Three times in the last six years, Anita dos Santos, who is Pereira's widow, and her neighbors have searched for their relatives' bodies. Using shovels and buckets, they have dug in Liquica, in a neighboring town and in a village by the sea. "People would come to say, 'This is the site. Dig here,' " she said. "So we tried. Many times, we tried. We found nothing." She nodded toward a family graveyard 120 yards away, nestled amid coconut and tamarind trees. She dreams, she said, of being able to bury her husband's remains there, in a row of stone tombs.
Lower-level militia members who burned and looted homes now live in Liquica, said Eliza da Silva dos Santos, the widow of a resistance member who was "disappeared" with Pereira. "Sometimes I see them on the street, driving a car, working in a government office," she said bitterly. "When I see them, it pains me." She must repress an urge, she said, to attack them.
The survivors' frustration is deepened by a sense of betrayal by their own government and the United Nations. For years, Eliza dos Santos and Anita dos Santos helped the underground resistance, passing supplies to rebels.
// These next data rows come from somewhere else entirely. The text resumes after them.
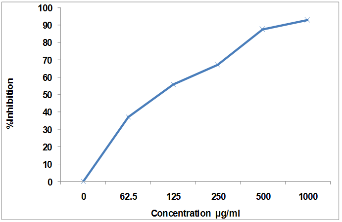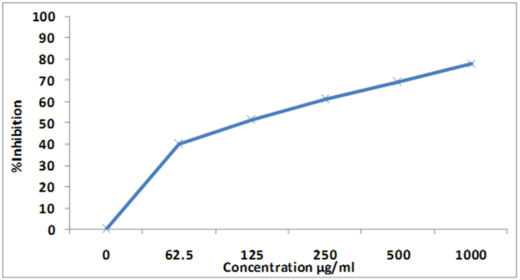 In performing cytotoxic activity, There was gradual increase in the value of PGI (percentage of growth inhibition) as the concentration of extract was increased (39.68, 51.06, 60.92, 68.95, 78.00 % for the concentrations 62.5, 125, 250, 500, 1000µg/ml, respectively) against the HepG2 cell line (fig. 1) and (37.01, 55.76, 66.93, 87.31, 92.81 % for the concentrations 62.5, 125, 250, 500, 1000 µg/ml, respectively) against HeLa cell line (fig. 2). The median value of IC50 observed for HepG2 and HeLa cell lines were 110.00±1.9 and 104.50±0.9 respectively.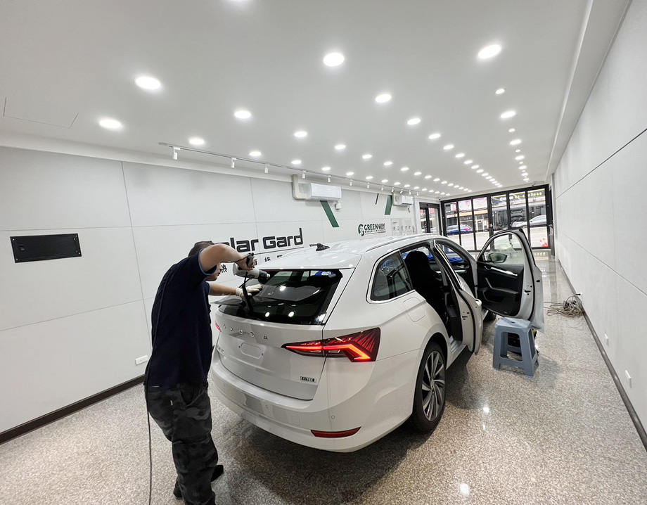 先為您的愛車內外做好全套的保護措施,確保在施工的任何過程都不會傷到您的愛車,且堅持在霧化除塵室中做到最完美的施工,前後檔一片貼更是我們對車主的保證!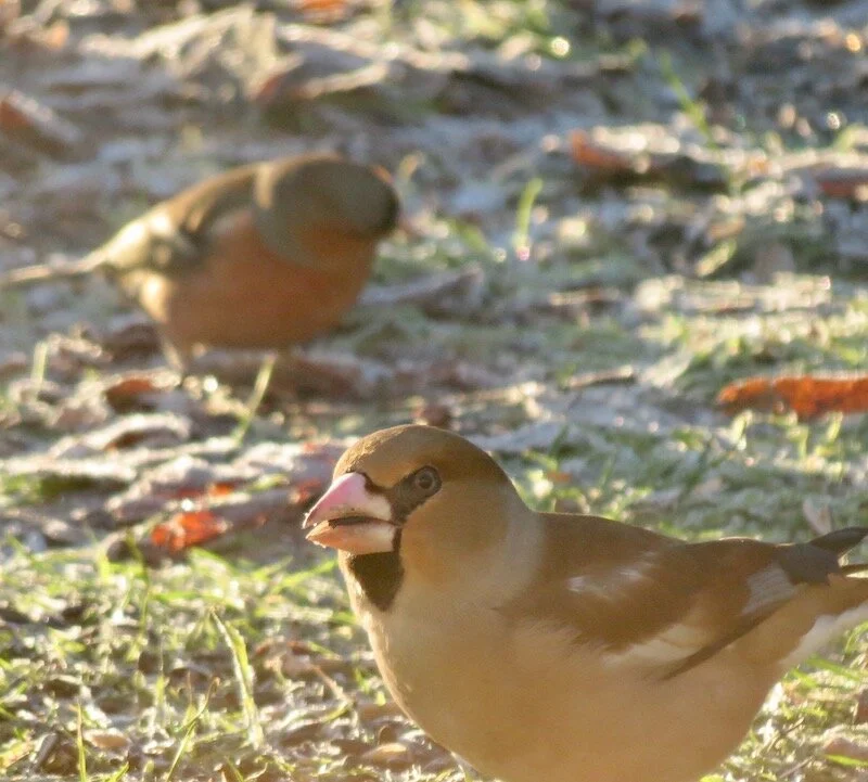Hawfinches are striking birds. As the name suggests Hawthorn stone kernels form part of the diet. They are also known for being partial to the kernels of cherry stones. The scientific name Coccothraustes coccothraustes comes from Greek and means ‘seed-breaker’ (or I suppose ‘seed-breaker seed-breaker’, leaving us in no doubt about the fact that it breaks seeds). I read that the bill can exert over 50 kg of crushing force. I’ve lost count of how many times I quoted that fact to anyone who will listen. I just find it impressively cool.

They, like their husbands, revered Gusmao, the prisoner turned president. Now, they charge, he and Ramos-Horta, the foreign minister, have forgotten "the little people." The women also criticize the United Nations for closing its special prosecution unit in May, leaving pending more than 600 cases linked to the 1999 crimes.
Over 4 1/2 years, the U.N.-funded unit convicted only 84 people, all low- to mid-level Timorese militia members. The higher-ranking personnel, including Indonesian military and police officers, are beyond reach in Indonesia, which has no extradition treaty with East Timor. Topping the impunity list is Gen. Wiranto, the retired Indonesian military commander, indicted by a Dili prosecutor. For political reasons, the warrant was never forwarded to Interpol, the international police agency. Two months ago, Ramos-Horta said, he warned Wiranto that the truth commission was "their last chance to clean Indonesia's image." Wiranto, he said, promised cooperation.
The survivors of the struggle for independence also criticize the impunity of those among the Indonesian security forces who committed abuses. An estimated 150,000 to 175,000 Timorese -- up to one-fourth of the population -- were killed during Indonesia's occupation of East Timor. Aniceto Guterres, a truth commission member and human rights lawyer who was an early proponent of an international tribunal, has deep misgivings about the panel's lack of a prosecution option. But "if I had to choose between truth and justice," he said, "I would opt for truth."